Crow Speed QB Tolak Normalisasi Kekerasan di Dunia Maya dan Kehidupan Nyata
TRENDETIK.COM, JAKARTA – Crow Speed QB terus menunjukkan komitmennya dalam membangun kreativitas dan sportivitas di kalangan anggotanya. komunitas yang berisikan para gamer online yang juga memiliki grup airsoftgun ini aktif menggelar latihan rutin sekaligus menegaskan sikap menolak konten kekerasan yang marak di media sosial maupun game online.
Salah satu pendiri komunitas, Andrie muchtar hidayat, menjelaskan bahwa kegiatan Crow Speed QB difokuskan pada pengembangan kemampuan dan menjaga keselamatan dalam berolahraga.
“Kami biasanya mengadakan latihan setiap minggu untuk mengasah kemampuan. Selain itu, ada juga sparring dan mengikuti turnamen yang diadakan setiap tahunnya,” ujar Andrie.
Menurutnya, dalam setiap aktivitas, aspek keamanan dan keselamatan menjadi prioritas utama. Karena itu, komunitasnya menolak keras segala bentuk konten kekerasan yang beredar di media sosial.
“Untuk konten kekerasan, kami menolak keras. Di dalam area olahraga, kami menjunjung tinggi keamanan dan keselamatan,” tegasnya.
Andrie menilai penyebaran konten kekerasan di dunia maya memiliki dampak signifikan terhadap generasi muda.
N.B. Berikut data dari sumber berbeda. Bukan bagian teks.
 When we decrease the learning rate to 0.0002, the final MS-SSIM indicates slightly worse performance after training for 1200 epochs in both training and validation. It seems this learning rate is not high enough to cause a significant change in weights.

Ia menyoroti potensi perubahan pola pikir serta menurunnya sensitivitas terhadap kekerasan apabila tidak dibarengi literasi digital dan pengawasan yang memadai.
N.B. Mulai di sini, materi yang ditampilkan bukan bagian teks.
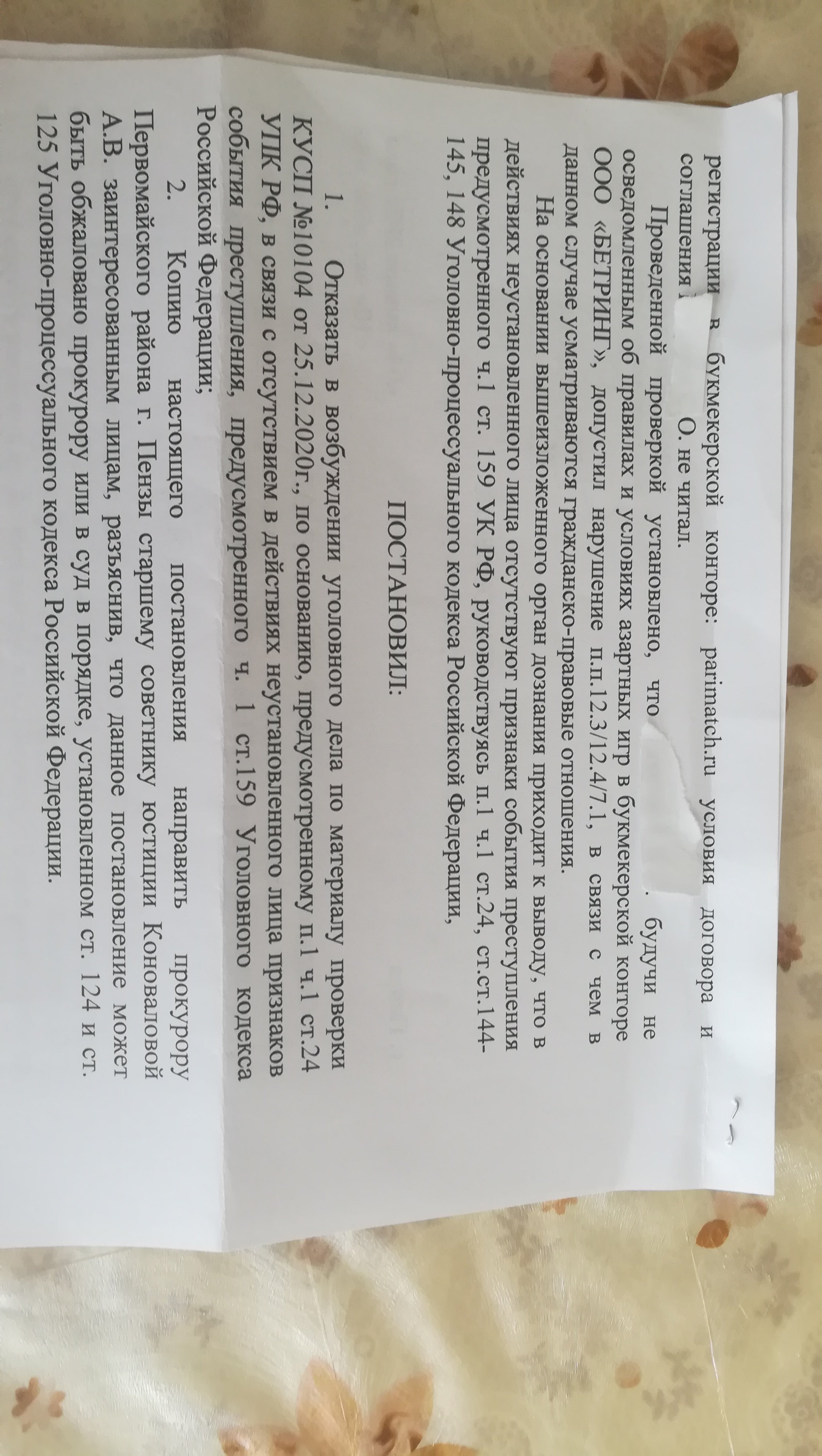 В общем начну по порядку. Создаю аккаунт 21 января, потому что знакомые ставят через пари и я решил тоже попробовать, в первый день особо не на, что было ставить и я начал смотреть какой-то непонятный хоккей 3х3 и в какой-то момент я понял, что комментатор часто угадывает победы команд видно, что он уже знает игроков, кто как и играет и тп. И я начал анализировать и записывать фаворитов и аутсайдеров, а поскольку каждый раз коэффициенты на всех были равные начал ставить. После первого дня уже понял, что не всегда это работает на аккаунте было +1500 рублей и я решил их вывести, вывод заблокировали. Я начал звонить, прошел верификацию, вывод не открывают. И я начал от скуки дальше ставить на этот хоккей плюс КХЛ и ВХЛ. В итоге 2 недели ожидания, а вывод средств по прежнему закрыт. И за эти 2 недели я успел выйти в плюс 74 тысячи с копейками. Я никогда в жизни столько не выигрывал и был очень рад этому. Потом мне названчали 3 этап верификации по скайпу, где какой-то человек буквально ДОПРАШИВАЛ меня о правилах хоккея и терминах в ставках, мне показалось это смешным, но ответил на все вопросы. Через день вижу списание средств в размере всех выигрышей по пунктам 12.3, 12.4, 7.1, В письме сказали, что это решение без объяснения причин, но якобы были недобросовестные ставки, Объяснить значение слова "недобросовестный" мне так же отказались. Никто не хочет ничего объяснять. Деньги, которые я заводил так же мне не отдают, они просто висят в вечном ожидании вывода. Я не знаю к кому обращаться и, что делать. Друзья советуют идти в суд и полицию с заявлением, но надеюсь мы сможем урегулировать это здесь! Заранее спасибо!

“Menurut saya sangat berpengaruh, terutama pada pola pikir dan sensitivitas terhadap kekerasan, apalagi jika tanpa literasi dan pengawasan yang baik,” katanya.
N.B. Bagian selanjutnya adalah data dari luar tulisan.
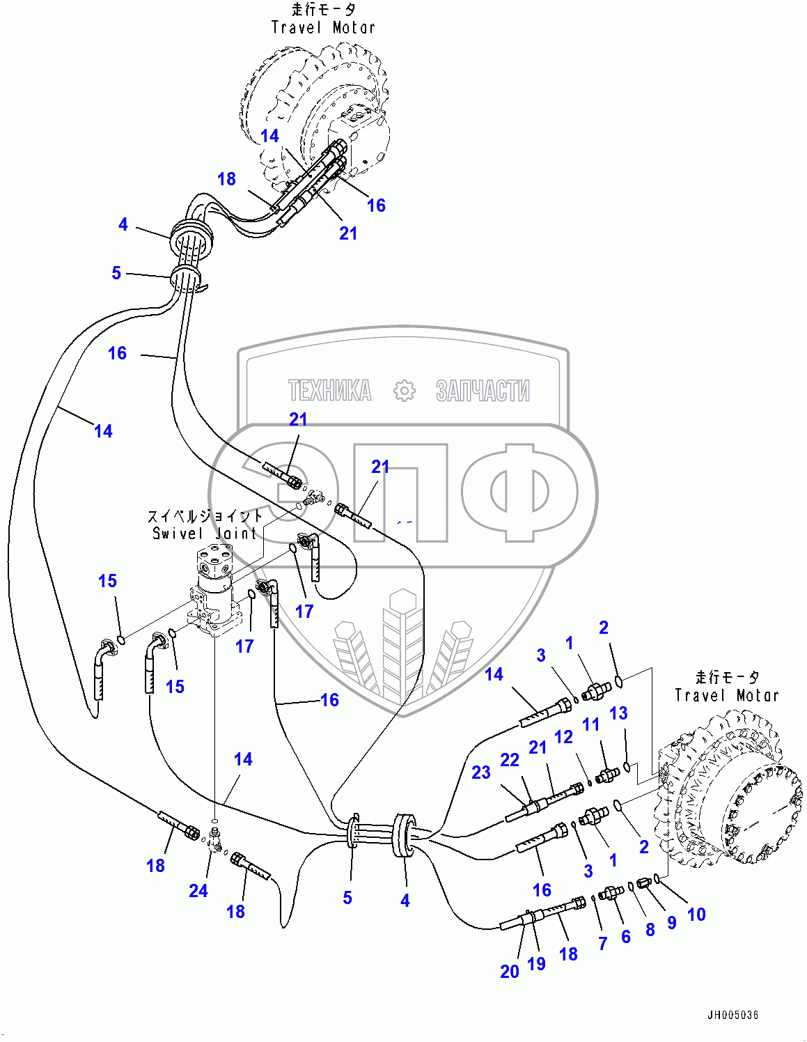 Каталог запасных частей к технике: Komatsu PC200LC-8M0. Travel Piping (400001-)

Ia juga menekankan pentingnya kolaborasi berbagai pihak dalam mencegah normalisasi kekerasan di ruang digital. Masyarakat dinilai perlu meningkatkan literasi digital agar lebih bijak dalam memilah dan memilih konten. Komunitas juga diharapkan aktif memberikan edukasi kepada anggotanya terkait dampak konten negatif.
Selain itu, pemerintah diminta memperkuat pengawasan terhadap penggunaan platform media sosial, khususnya terkait penyebaran konten kekerasan.
Andrie berharap generasi muda tidak mengimplementasikan konten kekerasan yang ditemui di media sosial maupun game online ke dalam kehidupan nyata.
“Harapannya, dalam menggunakan media sosial lebih bijak lagi dalam memilah dan memilih. Jangan sampai konten kekerasan, baik dari media sosial maupun game online, dinormalisasikan dalam kehidupan nyata,” pungkasnya.